In 1991, Simon LaVay, a British-American neuroscientist, carried out postmortems on women, men assumed to be homosexual, and men assumed to be heterosexual.[1] He found that in heterosexual men four cell groups known as the INAH3 which regulate male-typical sexual behaviour. Women and homosexual men had much smaller INAH3 cell groups. This research was collaborated by the results of a 2008 study when the Stockholm Brain group found that lesbian women and straight men shared larger INAH3 groupings.[2]

Counter arguments

This does not mean that we are born gay. Our brain is not fully developed at birth. Therefore, the discovery of neurological differences between gay and straight people does not mean that we are born gay. LaVey himself even admitted in 1994 that just because homosexuals and heterosexuals have different neurological differences, it does not necessarily indicate that they were born this way.
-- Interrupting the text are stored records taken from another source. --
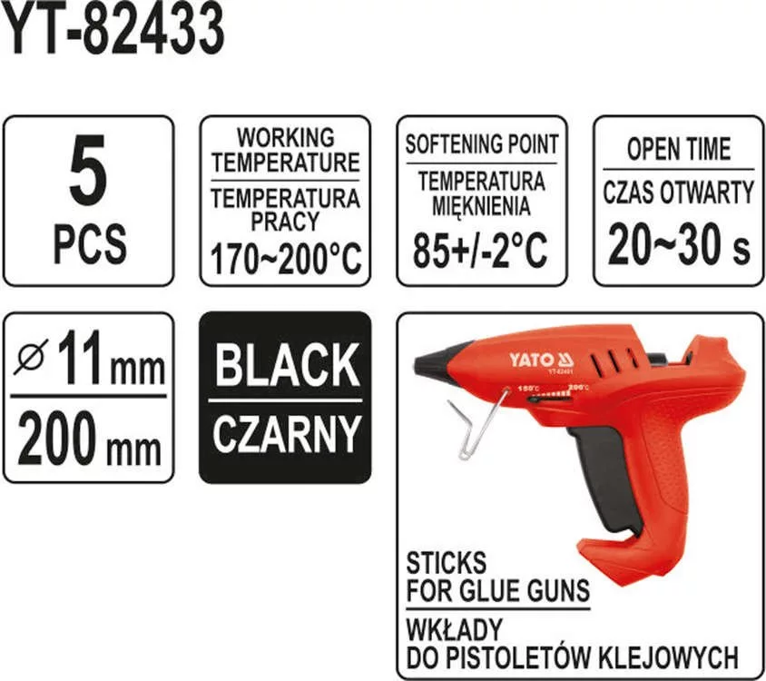 Yato ragasztórúd 11 x 200 mm, fekete, 5db
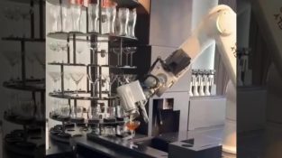 中国の杭州市で完全に自動化されたホテルFlyzooホテルで, ロボットのバーテンダーがカクテルを準備する.
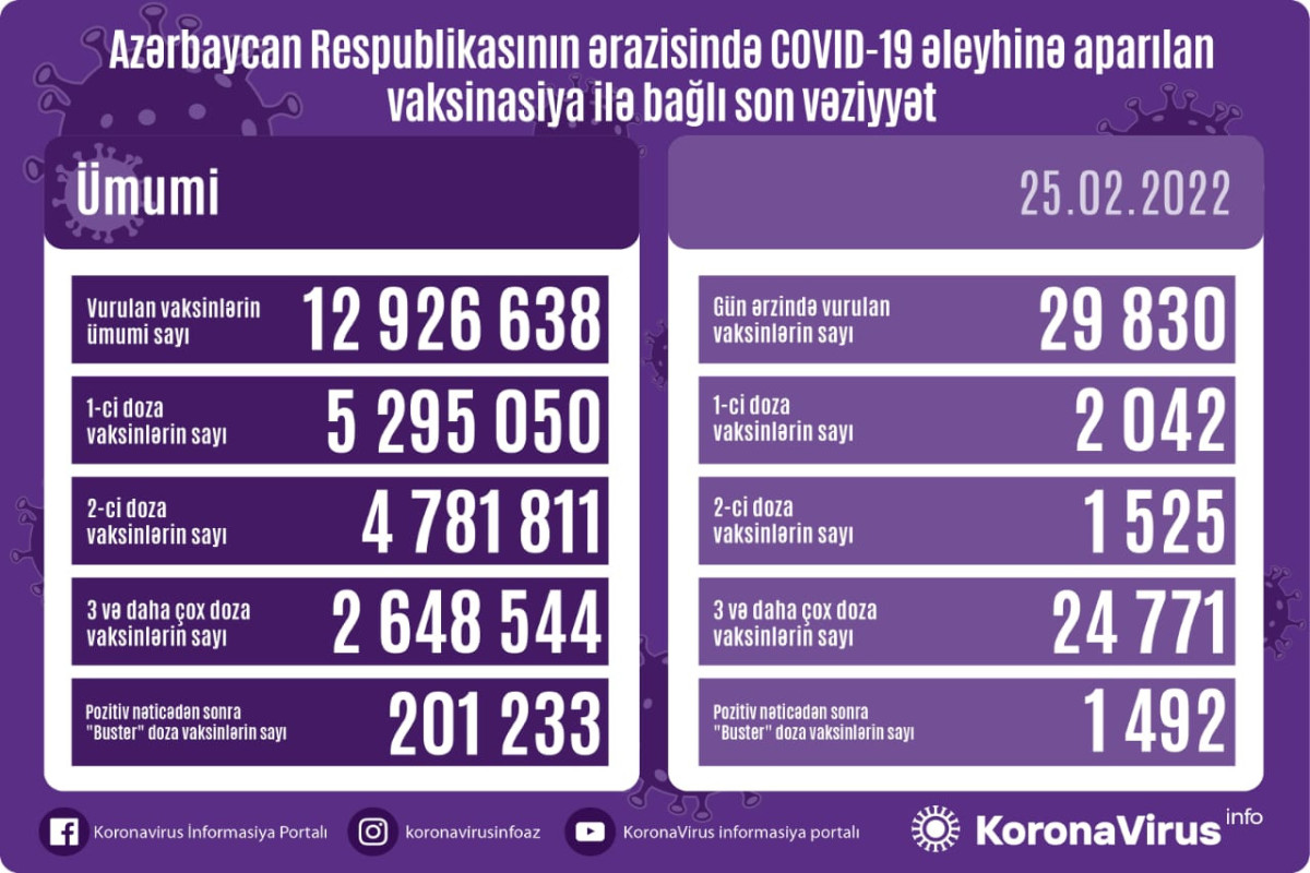 Azərbaycanda son sutkada koronavirus (COVID-19) əleyhinə 29 830 vaksin vurulub. Bir gündə birinci mərhələ üzrə vaksinasiya olunanların sayı 2042, ikinci mərhələ üzrə vaksinasiya olunanların sayı 1525, üç və daha çox doza vaksin vurduranların sayı 24 771, pozitiv nəticədən sonra buster doza üzrə vaksinasiya olunanların sayı isə 1492 nəfərdir.
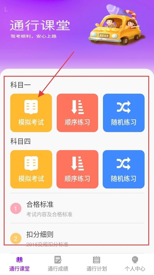 是一款聚焦驾考全流程辅助的工具类软件,整合科目一至科目四的完整题库资源,提供多元学习方案。用户可通过模拟考试了解掌握程度,借助顺序或随机练习强化知识,还能记录各科表现并定位不足。支持自主规划学习进度,搭配交通安全规范要点解析,界面简洁无干扰,题库随政策动态更新,助力用户系统备考,稳步提升成绩,顺利通过驾考各环节考核。打开应用后,能看到科目一和科目四的【模拟考试】【顺序练习】等功能选项,选择科目一的【模拟考试】,即可进入模拟考试的准备页面。
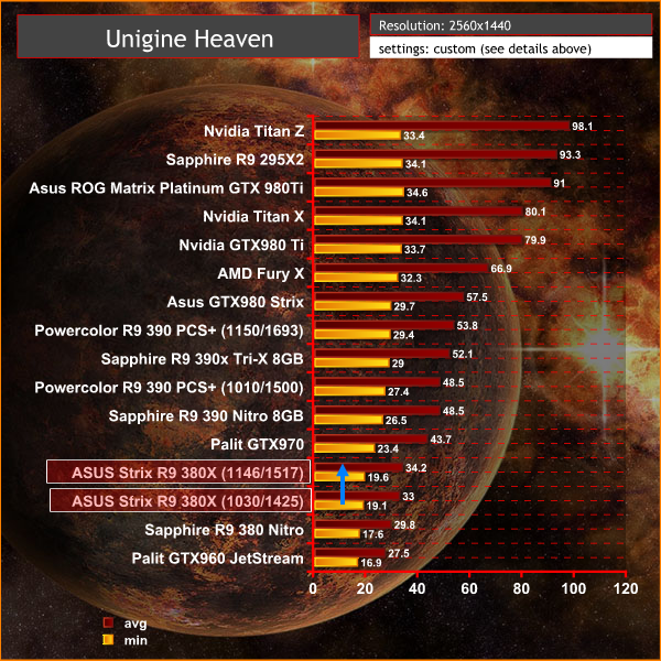 The ASUS Strix R9 380X DirectCU II OC clearly outperforms both R9 380 and overclocked GTX960, but it is some distance behind the GTX970 in this tessellation heavy benchmark.
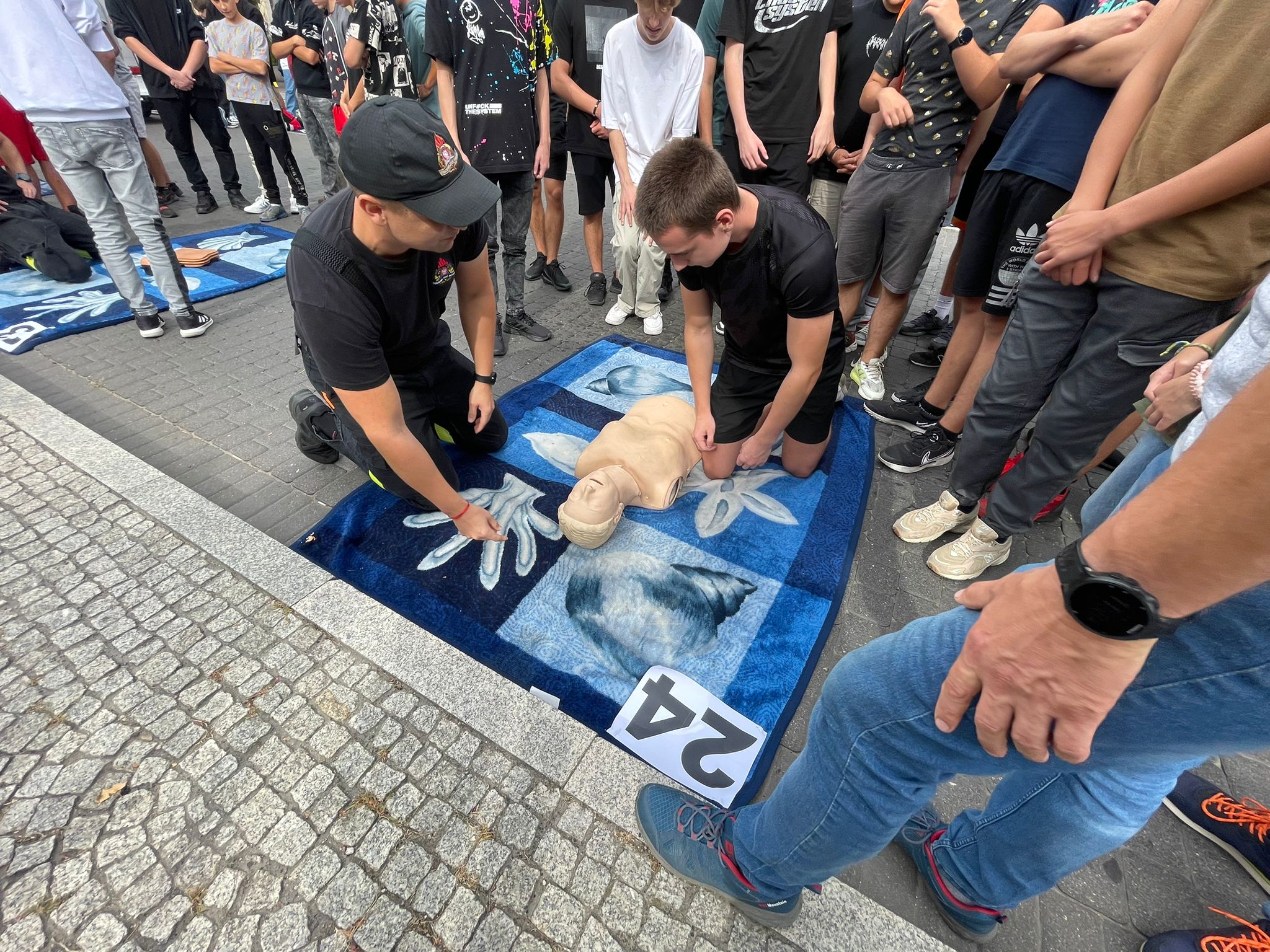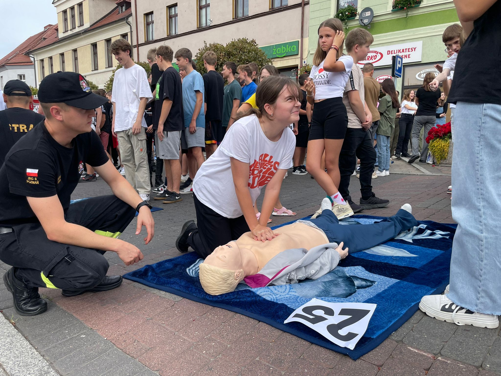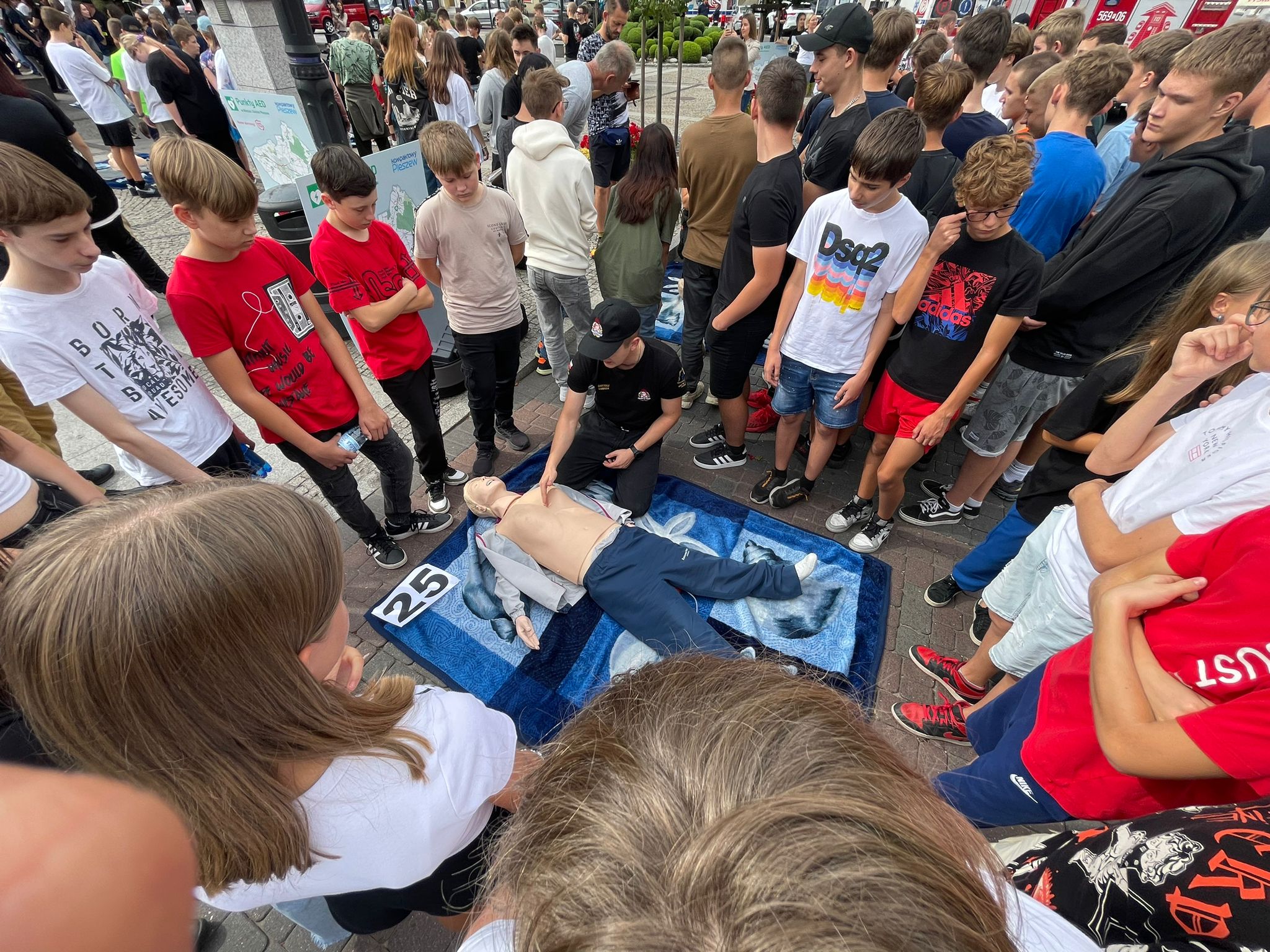 Wspólną resuscytację zgromadzone na pleszewskim rynku grupy rozpoczęły w samo południe. Jednocześnie akcję przeprowadzono w pleszewskich szkołach i przedszkolach. W sumie, w całej akcji uczestniczyło ponad pięć tysięcy osób - starsi ćwiczyli na fantomach, a przedszkolaki uczyły się resuscytacji na pluszowych misiach.
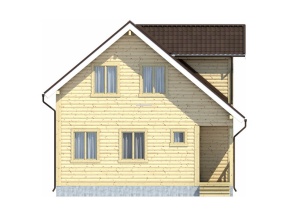 Размеры дома – 7,5х10 м.. Внутренние помещения соединяются межкомнатными дверьми филенчатого типа. Стены возведены из строганного бруса с прокладкой джутового льнополотна. Перекрытие произведено из обрезной доски с последующим использованием ондулина в качестве кровельного материала. Крыша двускатная. Обрешетка выполнена с помощью полуобрезной доски. Монтирование полов включает два этапа: укладка чернового слоя, а затем чистового.
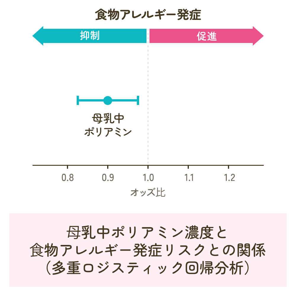 こちらの図は、母乳中のポリアミン濃度と食物アレルギー発症リスクとの関係を、オッズ比という指標で評価したものです。
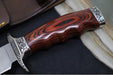 Muela proudly honors the tradition of classic hunting knives with the exquisite Sarrio-19R. This knife boasts a premium X50CrMoV15 Bowie blade, elegantly complemented by a beautifully adorned Zamak guard. The handle, crafted from rich pakka wood, features a stunning decorative pommel that adds a touch of sophistication. Every Sarrio-19R is accompanied by a custom-fit leather sheath, seamlessly marrying functionality with timeless elegance.
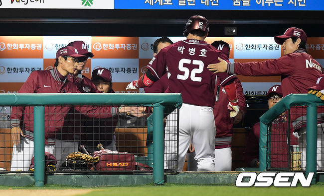 7회초 1사에서 넥센 박병호가 좌월 솔로 홈런을 치고 더그아웃에서 염경엽 감독과 하이파이브를 하고 있다.
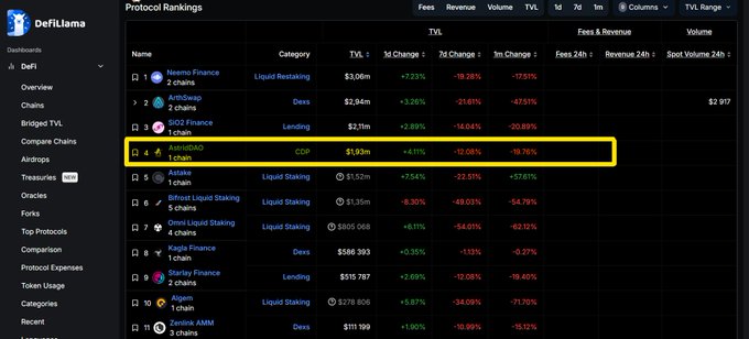 아스트리드 분산형 자율 조직(DAO)이 현재 <@AstarNetwork>의 디파이 디앱(DApp) 순위에서 4위를 차지하고 있습니다! <@DefiLlama>를 통해 확인되었습니다. 우리의 파트너 <@SiO2_Finance>와 함께 자랑스럽게 서 있으며 — 우리의 놀라운 커뮤니티에 큰 감사를 드립니다! 🙌
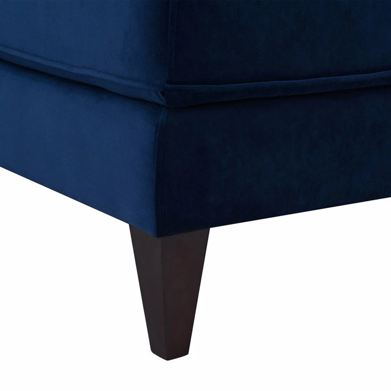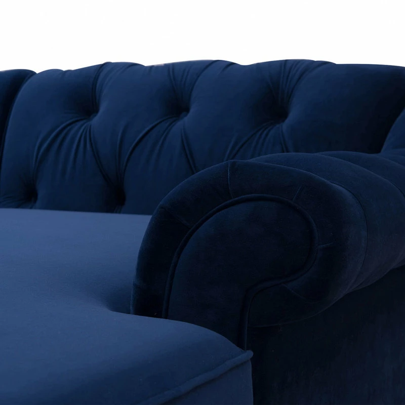 - Rolled arms and back in a Chesterfield sofa style with hand-pulled button tufting
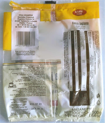 W wyniku działań urzędowych Państwowej Inspekcji Sanitarnej wykryto przekroczenie najwyższego dopuszczalnego poziomu (NDP) pestycydu - chlorpiryfosu w niżej wymienionej partii kaszy jaglanej.
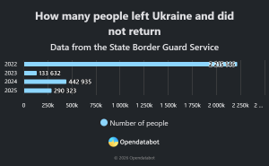 I løpet av de fire årene med fullskala krig har 3,1 millioner ukrainere som forlot landet ikke offisielt returnert til Ukraina. Til tross for en eskalerende bombekampanje, mange strømbrudd og en ny lov som tillater menn i alderen 18–22 år å forlate landet, var det bare 290 300 ukrainere (inkludert ca. 60 000 unge menn) som dro til utlandet i 2025 som ikke returnerte. Dette betydde en 1,5 ganger lavere utvandring i 2025 enn i 2024.
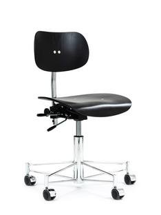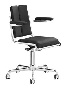 Among the design classics among office swivel chairs the luxurious Eames Aluminium Chairs by Vitra with their characteristic symbiosis of leather and metal are particularly popular, and the collection includes various swivel chairs, such as the Vitra EA 117. Thanks to different backrest heights and different upholstery the Aluminium Chairs can be used as office chairs for executives, conference chairs or office chairs. A special feature among office swivel chairs, and at the same time a classic of Danish design, is the Series 7 swivel chair by Fritz Hansen with its characteristic seat shell made of moulded plywood and the swivel frame made of chrome-plated steel. Thonet, on the other hand, has transformed one of the most famous design classics of modernism, the S 64 by Marcel Breuer, into an elegant office swivel chair with the S 64 VDR Atelier.

He also admitted that the brains he studied had died from AIDS. He could not rule out that the neurological discrepancies were not caused by the disease. [3] Additionally, neuroscience is an area in which we still know very little. The correlation between regions of the brain and behavioural traits has not been proven beyond doubt.


[P1] Homosexuals and heterosexuals have different neurological structures. [P2] Neurological structures are determined by factors that occur before we are born. [P3] Therefore, people are born gay.

Rejecting the premises

[Rejecting P2] Neurological structure does not emerge before birth.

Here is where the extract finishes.